• _Exercise details_
Leaving out each picture, transcribe the lines of the listing below exactly from the first through the line that contains "Welcome the new".

• _Given information_
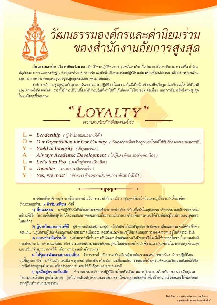 “องค์กรนำในการใช้กฎหมาย เพื่อรักษาความยุติธรรมให้กับประชาชนและสังคม”
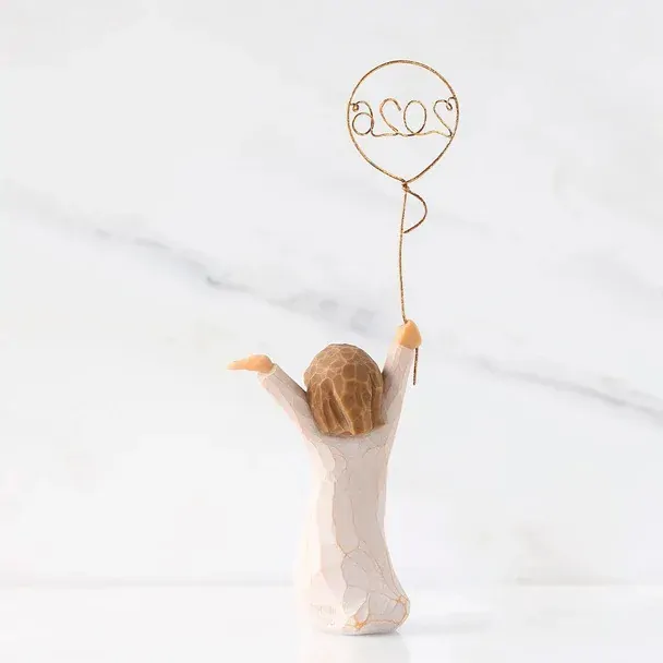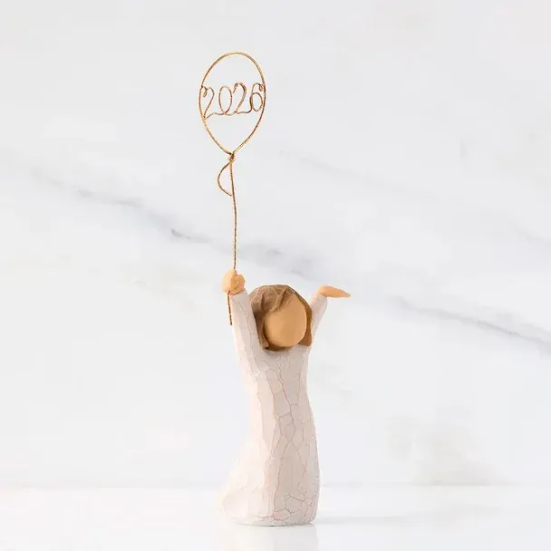 Welcome the new year with excitement and a hopeful heart with this Willow Tree Here's to You 2026 hand painted resin figurine with wire and gold leaf accent. A girl in a cream dress holds up a golden balloon with the year in the center for all to see. This uplifting figurine is the perfect way to add cheer to your home or give to a friend to help them celebrate brand-new possibilities.
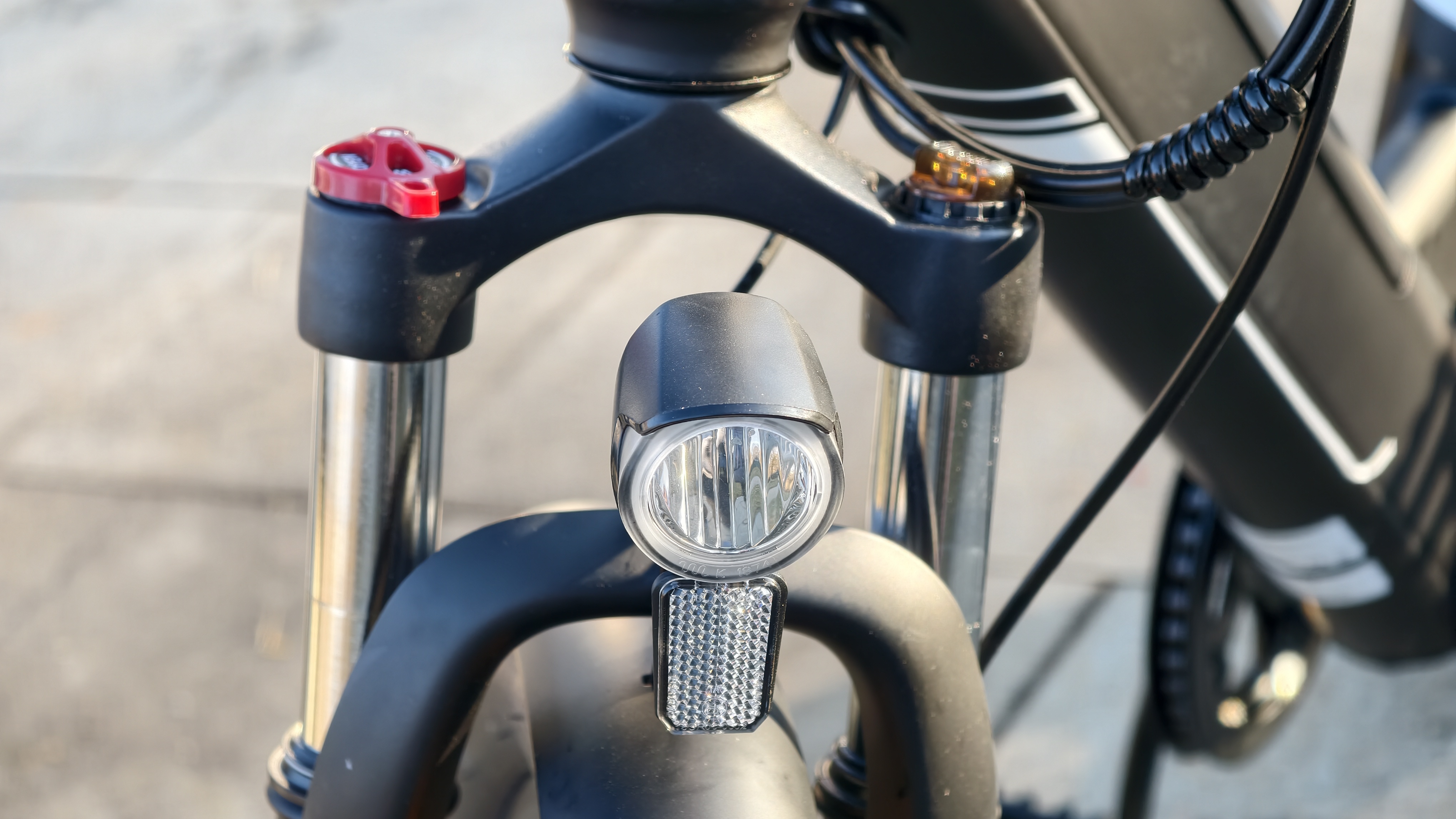 Die StVZO-konforme Beleuchtung vorn und hinten gehört zur Serienausstattung. Zum Gesehenwerden reicht sie aus. Die Helligkeit des Frontlichts ist allerdings zu schwach, um bei Dunkelheit die Straße gut auszuleuchten. Wer viel bei Nacht fährt, sollte nachrüsten. Das Rücklicht kommt ohne Bremslichtfunktion – hier bieten Modelle wie das Engwe L20 3.0 Pro (Testbericht) mehr Sicherheit.

• _Output of the task_
 “องค์กรนำในการใช้กฎหมาย เพื่อรักษาความยุติธรรมให้กับประชาชนและสังคม”
 Welcome the new year with excitement and a hopeful heart with this Willow Tree Here's to You 2026 hand painted resin figurine with wire and gold leaf accent. A girl in a cream dress holds up a golden balloon with the year in the center for all to see. This uplifting figurine is the perfect way to add cheer to your home or give to a friend to help them celebrate brand-new possibilities.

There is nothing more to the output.